*PROVIDED INFORMATION*:
▬▬▬▬▬▬▬▬▬▬
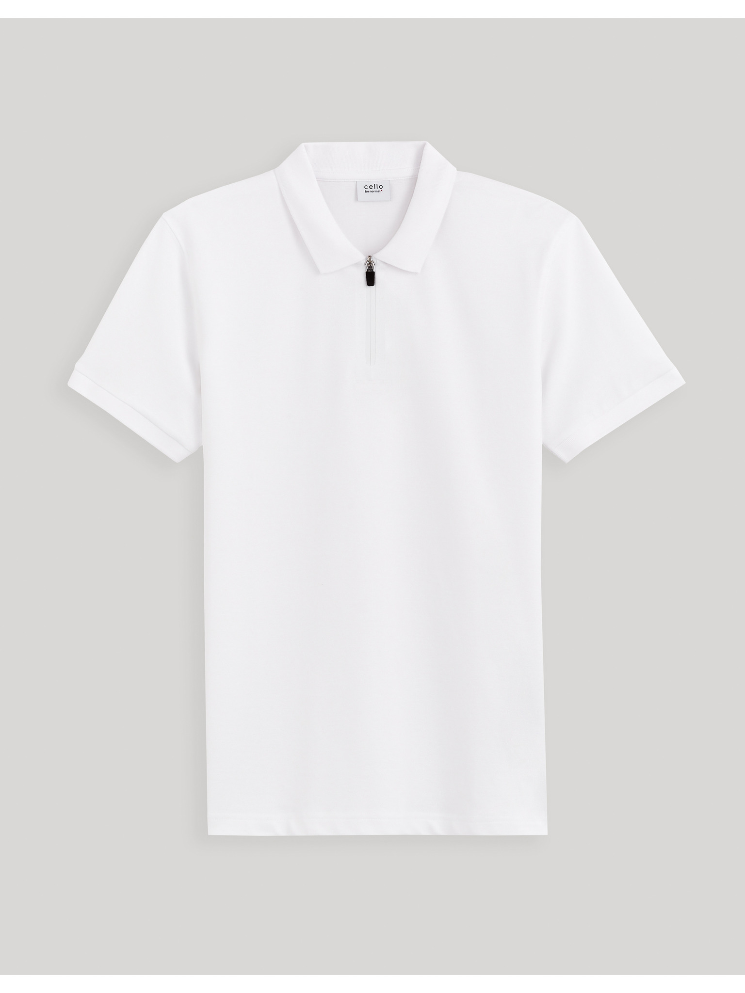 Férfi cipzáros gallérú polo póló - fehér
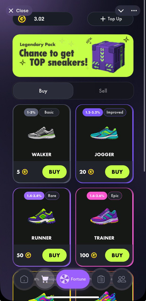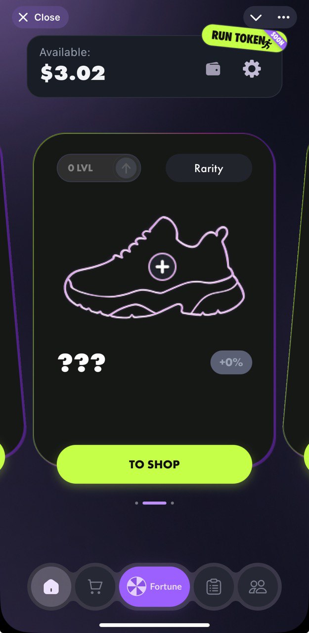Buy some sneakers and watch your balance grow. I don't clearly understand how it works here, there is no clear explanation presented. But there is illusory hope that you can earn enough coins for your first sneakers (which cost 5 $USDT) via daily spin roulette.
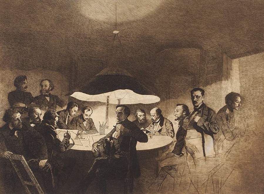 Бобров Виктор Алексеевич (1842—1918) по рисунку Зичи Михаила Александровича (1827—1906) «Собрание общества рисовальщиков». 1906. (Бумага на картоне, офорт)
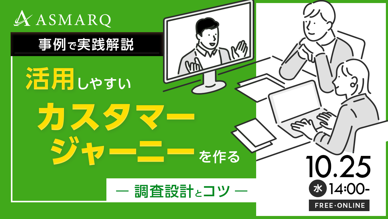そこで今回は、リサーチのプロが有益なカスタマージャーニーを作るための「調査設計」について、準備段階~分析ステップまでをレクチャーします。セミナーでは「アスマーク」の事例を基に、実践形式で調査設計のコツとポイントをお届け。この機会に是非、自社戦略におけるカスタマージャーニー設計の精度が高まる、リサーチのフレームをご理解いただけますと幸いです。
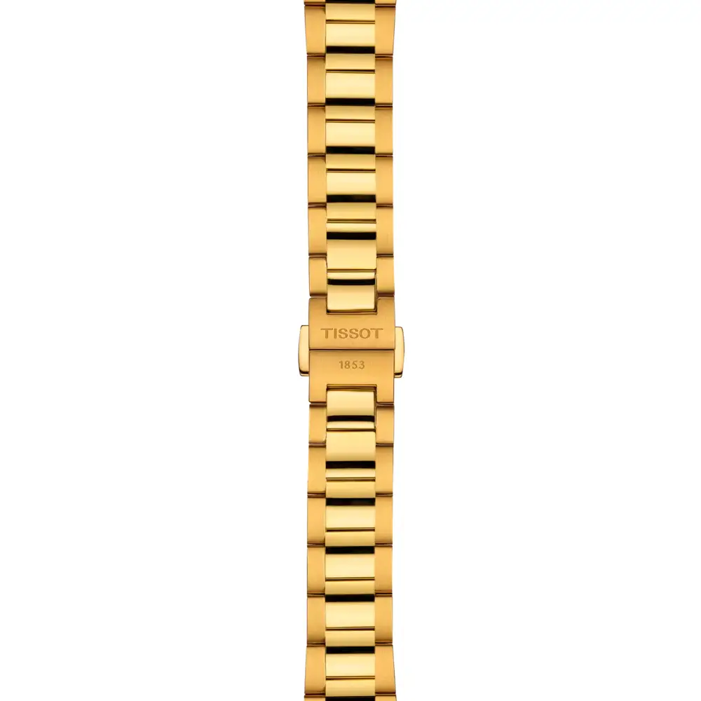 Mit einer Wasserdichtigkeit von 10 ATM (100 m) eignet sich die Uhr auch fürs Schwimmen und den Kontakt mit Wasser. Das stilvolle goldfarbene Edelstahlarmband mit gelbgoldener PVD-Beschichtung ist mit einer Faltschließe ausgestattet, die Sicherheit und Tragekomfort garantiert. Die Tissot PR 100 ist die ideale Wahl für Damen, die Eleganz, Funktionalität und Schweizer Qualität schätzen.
▬▬▬▬▬▬▬▬▬▬
*TO DO*: Without any pictures, retype the records above exactly.

*EXERCISE RESULT*:
 Férfi cipzáros gallérú polo póló - fehér
Buy some sneakers and watch your balance grow. I don't clearly understand how it works here, there is no clear explanation presented. But there is illusory hope that you can earn enough coins for your first sneakers (which cost 5 $USDT) via daily spin roulette.
 Бобров Виктор Алексеевич (1842—1918) по рисунку Зичи Михаила Александровича (1827—1906) «Собрание общества рисовальщиков». 1906. (Бумага на картоне, офорт)
そこで今回は、リサーチのプロが有益なカスタマージャーニーを作るための「調査設計」について、準備段階~分析ステップまでをレクチャーします。セミナーでは「アスマーク」の事例を基に、実践形式で調査設計のコツとポイントをお届け。この機会に是非、自社戦略におけるカスタマージャーニー設計の精度が高まる、リサーチのフレームをご理解いただけますと幸いです。
 Mit einer Wasserdichtigkeit von 10 ATM (100 m) eignet sich die Uhr auch fürs Schwimmen und den Kontakt mit Wasser. Das stilvolle goldfarbene Edelstahlarmband mit gelbgoldener PVD-Beschichtung ist mit einer Faltschließe ausgestattet, die Sicherheit und Tragekomfort garantiert. Die Tissot PR 100 ist die ideale Wahl für Damen, die Eleganz, Funktionalität und Schweizer Qualität schätzen.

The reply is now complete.